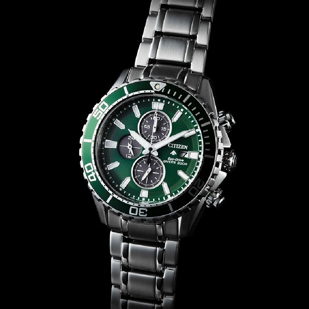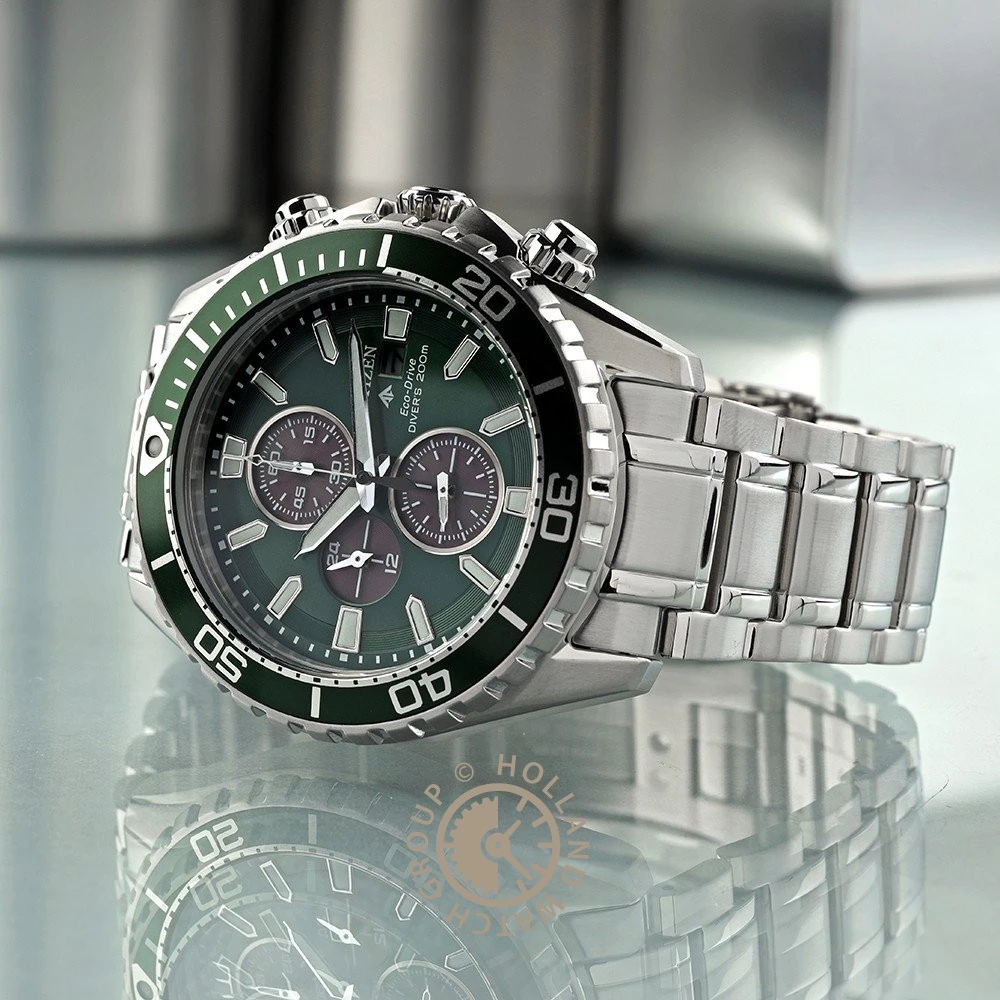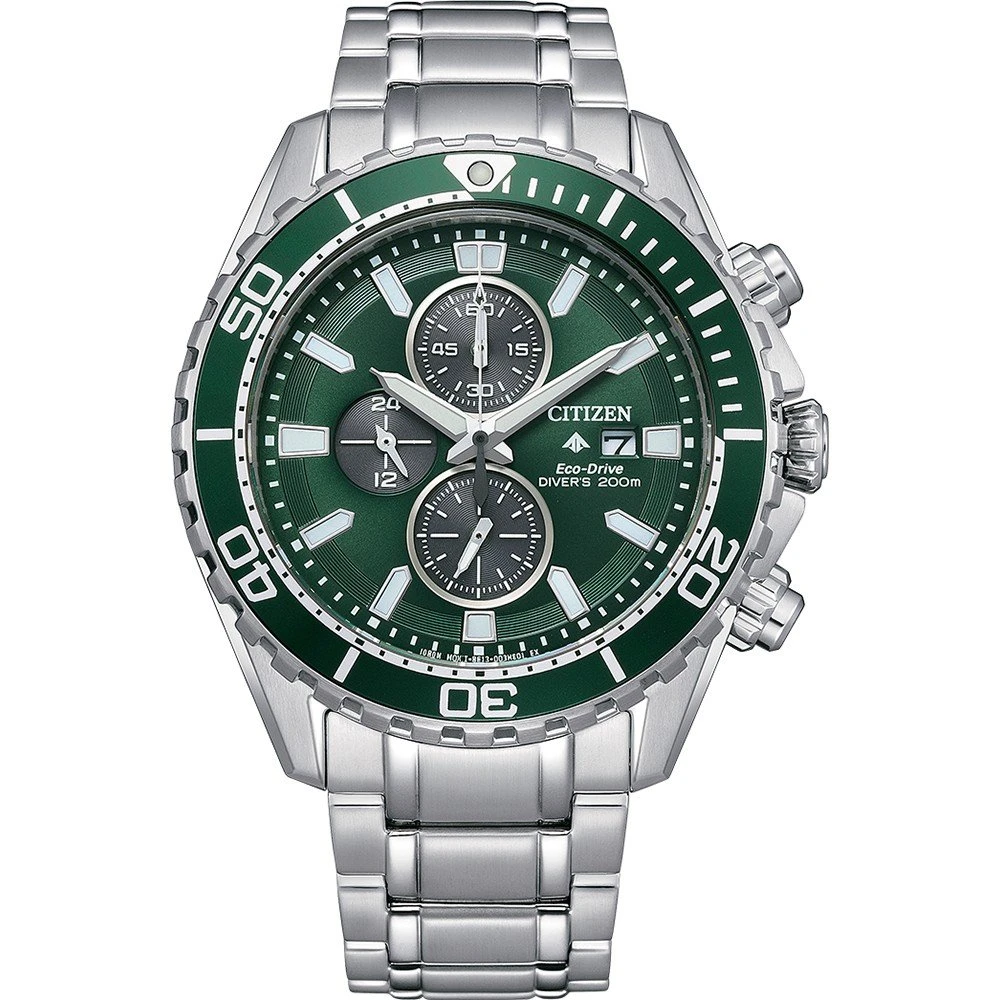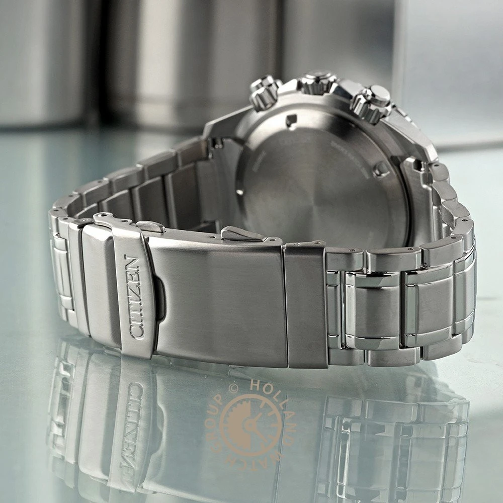 This Citizen watch has a case made of stainless steel with a diameter of 45 mm and is fitted with a metal band. Inside the case lies a Citizen movement and the watch features a Sapphire crystal.
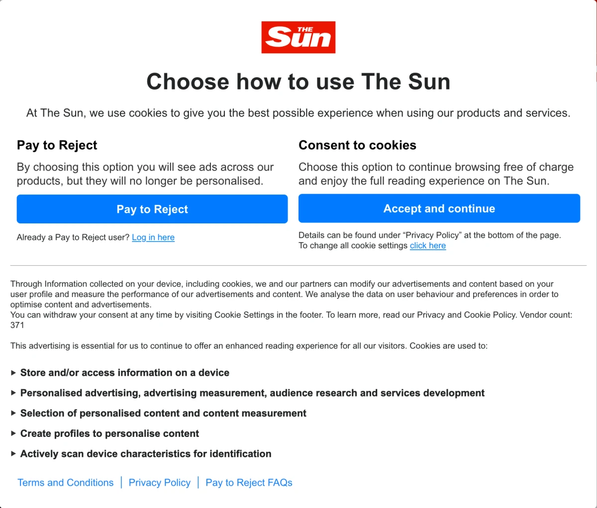 Was searching for something and I clicked on a Sun link (🤢). Anyway, I got this popup. What the actual fuck, we now have to pay to be able to reject cookies??
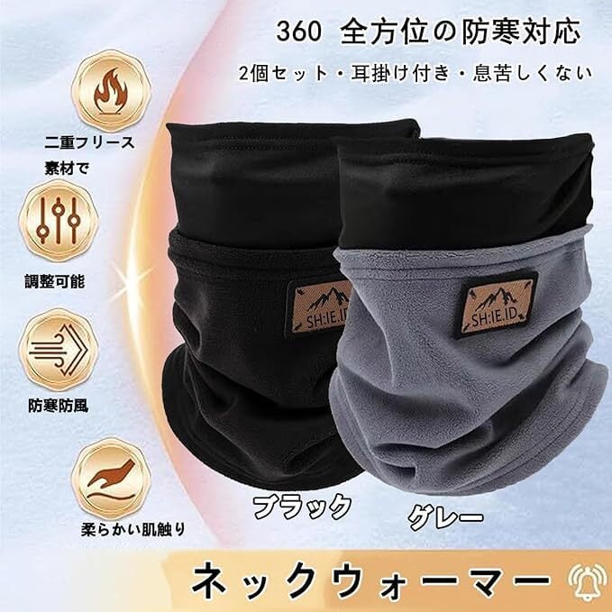 [xunbida] ネックウォーマー メンズ レディース 冬【2個セット・耳掛け付き・息苦しくない】裏起毛 伸縮性 柔らかい肌触り 暖かい 軽量 小顔効果 ネックウォーマー アウトドア/通勤/通学/スポーツ/バイク/登山/自転車/スキー/釣り/男女兼用
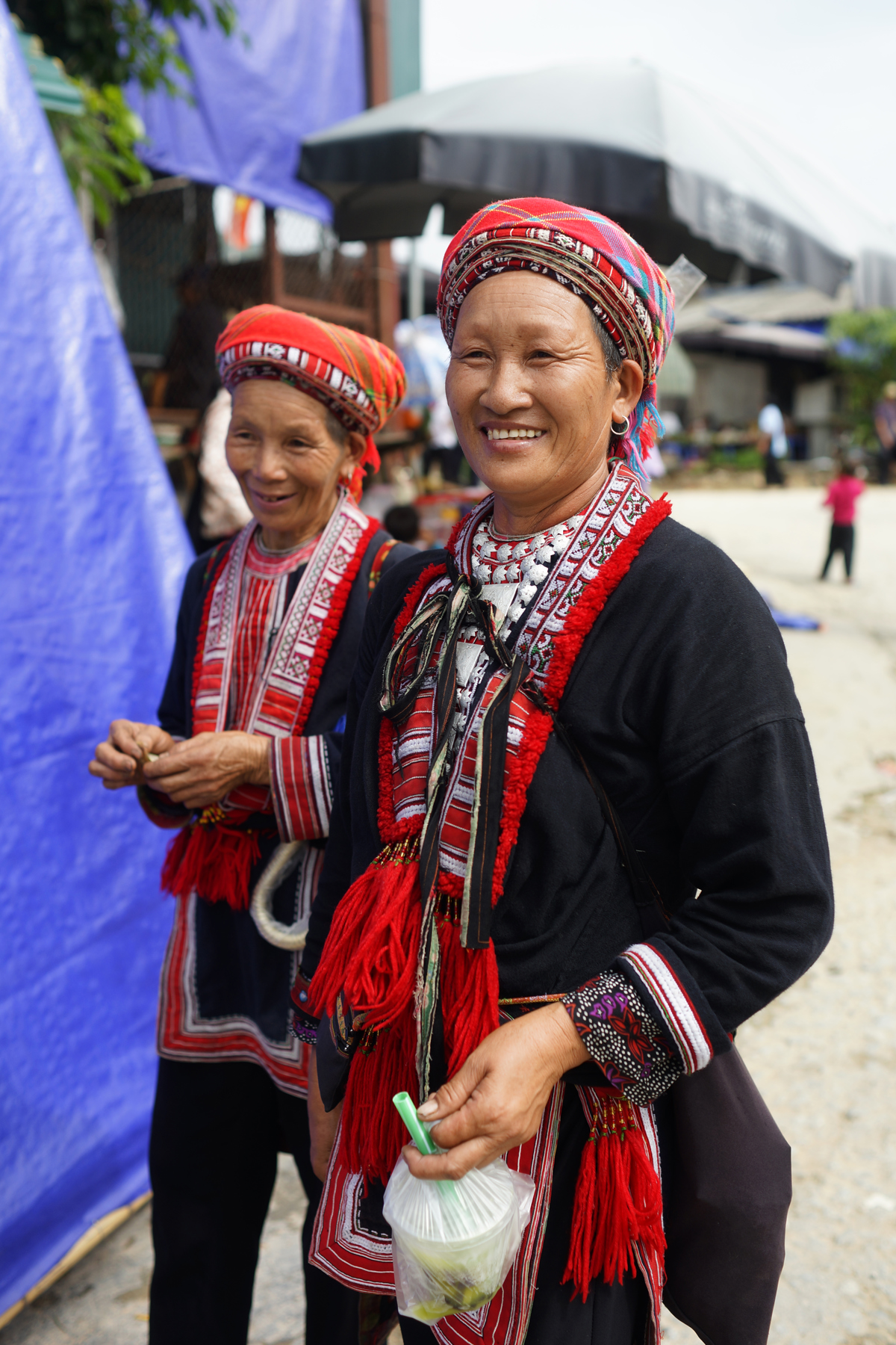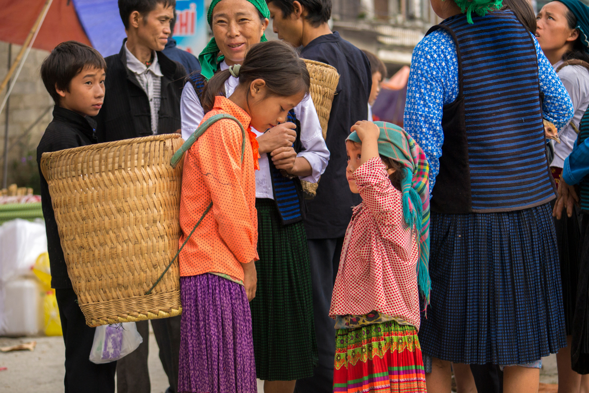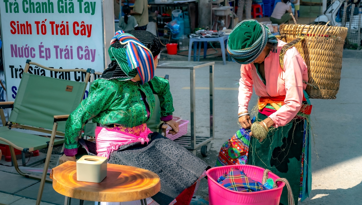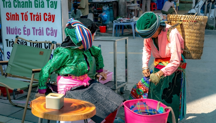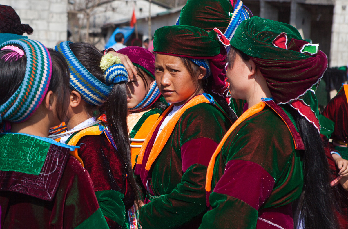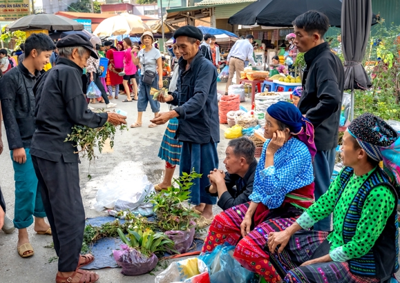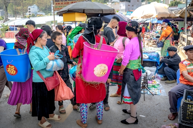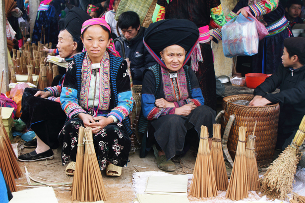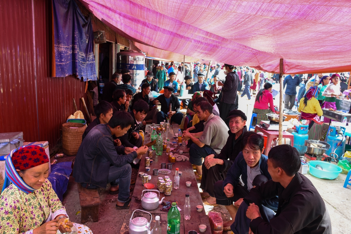 Mange folkeslag mødes på markederne, blandt andet traditionelle Dzao'er i deres sorte og indigoblå dragter samt Langdang Dzao'er i sorte dragter med broderede kantbånd og smukke sølvprydede hovedbeklædninger. Disse har selskab af folk fra blandt andet hvid H'mong, Nung og Tay. Det kan være svært for uindviede at se forskel på de mange forskellige folkeslag, men heldigvis begår jeres lokale guide sig hjemmevant i dette område og kan nemt fortælle, hvad I skal ligge mærke til i folkenes klædedragter. Selv på disse kanter bliver vestligt tøj dog mere og mere almindeligt, men især de ældre generationer trækker hellere i de traditionelle dragter, når muligheden byder sig.
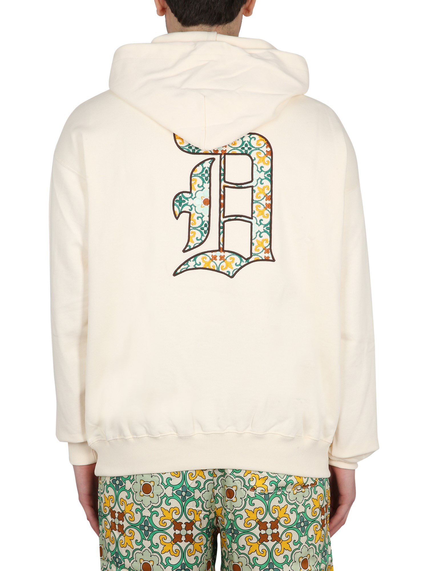 Drôle De Monsieur's cotton sweatshirt is a basic hooded sweatshirt with a pouch pocket that closes with drawstrings. The sweatshirt is a versatile garment that may be dressed up or down depending on the occasion. The drawstring pouch pocket is ideal for storing your valuables such as a cell phone, wallet, and keys. The hood will help you stay toasty on chilly days.
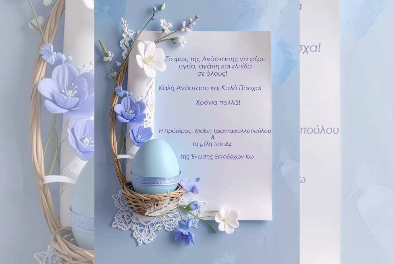 Με ένα μήνυμα γεμάτο φως και αισιοδοξία, η Ένωση Ξενοδόχων Κω απευθύνεται στους κατοίκους, τους επαγγελματίες του τουρισμού και τους επισκέπτες του νησιού μας, στέλνοντας τις θερμότερες ευχές της για τις άγιες ημέρες του Πάσχα.
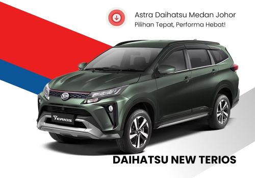 SUV Keluarga 7-Seater yang Siap Bertualang Daihatsu New Terios hadir sebagai SUV 7-seater dengan desain gagah dan fitur lengkap. Dilengkapi mesin 1.5L Dual VVT-i yang tangguh serta fitur keselamatan canggih seperti VSC, HSA, dan kamera 360°.

→ **Your assignment**: Your answer must be the lines from the one containing "Με ένα μήνυμα" through the last line of the records, copied exactly, with no pictures.

→ **Answer for this exercise**:
 Με ένα μήνυμα γεμάτο φως και αισιοδοξία, η Ένωση Ξενοδόχων Κω απευθύνεται στους κατοίκους, τους επαγγελματίες του τουρισμού και τους επισκέπτες του νησιού μας, στέλνοντας τις θερμότερες ευχές της για τις άγιες ημέρες του Πάσχα.
 SUV Keluarga 7-Seater yang Siap Bertualang Daihatsu New Terios hadir sebagai SUV 7-seater dengan desain gagah dan fitur lengkap. Dilengkapi mesin 1.5L Dual VVT-i yang tangguh serta fitur keselamatan canggih seperti VSC, HSA, dan kamera 360°.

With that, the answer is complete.